Realizing the seriousness of the situation, Winters took one squad from 1st Platoon, and moved off toward the crossroads, where they observed a German machine gun firing to the south, toward the battalion headquarters. After surveying the position, Winters then led the squad in an assault on the gun crew..Soon after taking the position, the squad took fire from a German position opposite them. Estimating that this position was held by at least a platoon, Winters called for reinforcements from the rest of the 1st Platoon, and led them in an assault. Later it was discovered there were at least 300 Germans. On October 9, Winters became the battalion executive officer, following the death of the battalions’ former XO, Major Oliver Martin Horton.
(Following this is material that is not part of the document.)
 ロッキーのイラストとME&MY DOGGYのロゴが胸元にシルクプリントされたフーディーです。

Horton was killed in action on 05-10-1944. Although this position was normally held by a major, Winters filled it while still a captain. On 16-12-1944, German forces launched a counter-offensive against the Western Allies in Belgium. After the 101stAirborne was moved by truck to the Bastogne area on December 18. Still serving as executive officer of the 2nd Battalion, Winters took part in the defense of the line northeast of Bastogne near the town of Foy during what became known as the Battle of the Bulge. The entire 101st Airborne and elements of the 10th Armored Division, nickname “Tiger Division” battled about 15 German divisions, supported by heavy artillery and armor, for nearly a week before the U.S Third Army under George Smith Patton broke through the German lines surrounding Bastogne. After being relieved, the 2nd Battalion carried out an attack on Foy on 09-01-1945. On 08-03-1945, following the 2nd Battalion’s move to Hagenau, Winters was promoted to major and shortly afterward he was made acting battalion commander of 2nd Battalion, when Lieutenant Colonel Strayer was elevated to the regimental staff. Second Battalion saw little combat after this. Robert Lytle Strayer
died old age 92 on 18-12-1990 in Saint Petersburg, Florida.
Death and burial ground of Winters, Richard Davis “Dick” Band of Brothers.
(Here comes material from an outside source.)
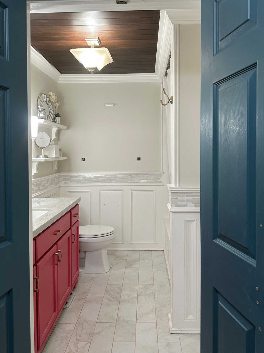 However now, plans have modified. The toilet will not be solely staying, however it is going to be our one and solely visitor toilet for now. I’m hoping that this can be non permanent and that we’ll finally be capable to construct an addition onto our home that features a model new (and extra centrally situated) full visitor toilet. However till that point, this would be the solely visitor toilet in our home. And even when that occurs, our plan is to maintain this toilet in my studio. So to get this toilet guest-ready, I have to…

Winters, a resident of Hershey, died on 02-01-2011, old age 92, at an assisted living facility in nearby Campbelltown, Pennsylvania. He had been suffering from Parkinson’s disease for several years. Winters had requested a private, unannounced funeral service, which was held on 08-01-2011. Dick Winters was buried on the Bergstrasse Evangelical Lutheran Church cemetery in Epharata, Pennsylvania, in a private ceremony. He is buried next to his parents in the Winters’ family plot. His grave is simple marked Richard D Winters WW II 101st Airborne.
Ethel Winters, a Rutgers University graduate and wife of Dick Davis Winters for 63 years, seemed happiest by her husband’s side, friends said. She waited for him during World War II when he was a first lieutenant with E Company, 506th Regiment of the 101st Airborne Division.